Como a hipótese da iliteracia se torna pouco plausível (e inadmissível), tudo indica que a tutela pretendeu, à força toda, poder dizer que o número de consultas aumentou com a entrada em funções do novo governo. Para tal, procedeu à comparação do valor acumulado entre janeiro e abril (4 meses) com o valor acumulado (também desde janeiro) até setembro. Sugerindo assim, ao calcular a variação entre os dois valores, que houve um aumento de consultas entre o primeiro quadrimestre e o segundo (sendo que este último «quadrimestre» tem, segundo o governo, 5 meses).

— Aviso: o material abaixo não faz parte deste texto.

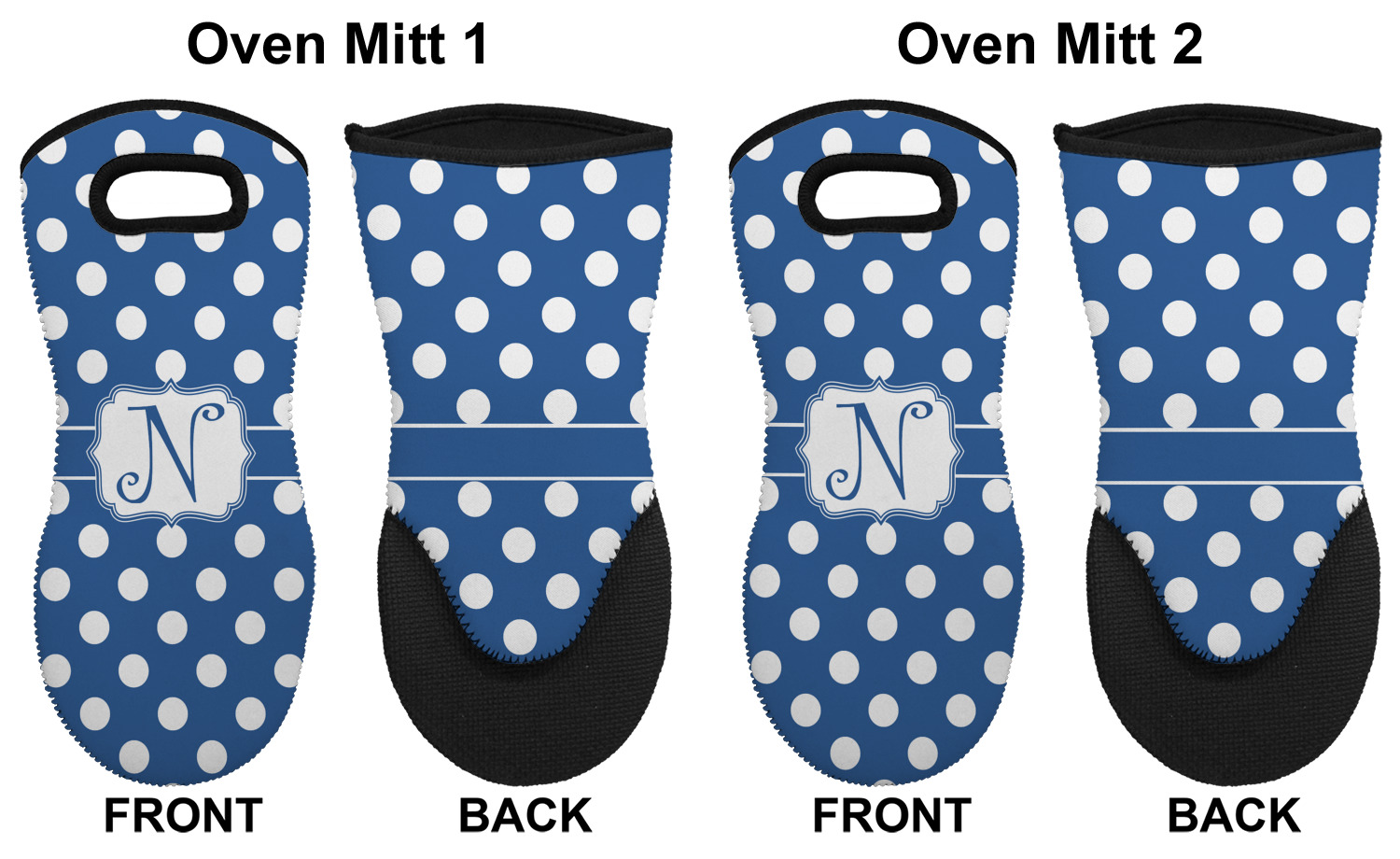 These heat resistant gloves are made entirely of a durable neoprene; the front features a softer texture, while the palm's side has a textured surface, meant to handle heat up to 500 degrees Fahrenheit. Thick, heavy duty stitching connects the two sides. A small, oval cutout appears on the front, and can be used to hang and store the mitt. Your personalization appears on the front, and the upper part of the back of the mitt. The style of these oven mitts are suitable for both the right and left hand, depending on your needs. If you need one for each hand, be sure to order two!

Não surpreende assim que, nos termos da tabela, o aumento de consultas nos CSP, com a AD no governo, tenha sido estonteante. Segundo o ministério da Saúde, esse aumento, entre abril e setembro, mais que duplicou, atingindo um valor a rondar os 116%. Aliás, na verdade, quando feitas as contas desta forma - com ambos os valores acumulados desde janeiro - bastaria ter sido realizada apenas uma consulta entre maio e setembro para que a variação fosse positiva. Espantoso, não é?
Ora, o que se constata quando se corrigem os cálculos - comparando o número de consultas realizadas entre janeiro e abril com o número de consultas realizadas de maio a agosto (e não setembro, para que a comparação se faça por iguais períodos de quatro meses), lá se vai o aumento esfusiante das consultas realizadas desde a entrada em funções do novo governo. Pelo contrário, o que emerge é uma redução, em cerca de 6%, do total de consultas entre maio e agosto, face ao total de consultas entre janeiro e abril.
Este não é o primeiro exercício de contabilidade criativa do governo. Em junho, o atual ministério da Educação inflacionou o número de alunos que começou o ano letivo anterior sem aulas a pelo menos uma disciplina, de modo a criar a ilusão de que o atual ano letivo teria já começado com um valor inferior. E como se não bastasse, para ficcionar ter atingido a meta a que se propôs (diminuição em 90% dos alunos sem aulas a pelo menos uma disciplina desde o início do ano), ponderou os alunos nessa situação com o total de alunos sem aulas em dezembro do ano passado. Isto é, comparando indevidamente dois universos distintos.
O padrão começa, portanto, a tornar-se cada vez mais claro. Em vez de responder efetivamente aos problemas, que são estruturais e complexos, o governo prefere inventar e manipular números, para criar junto da opinião pública a falsa ilusão de que os mesmos estão a ser ultrapassados, por obra e graça do executivo. Até que as ilusões se desfaçam.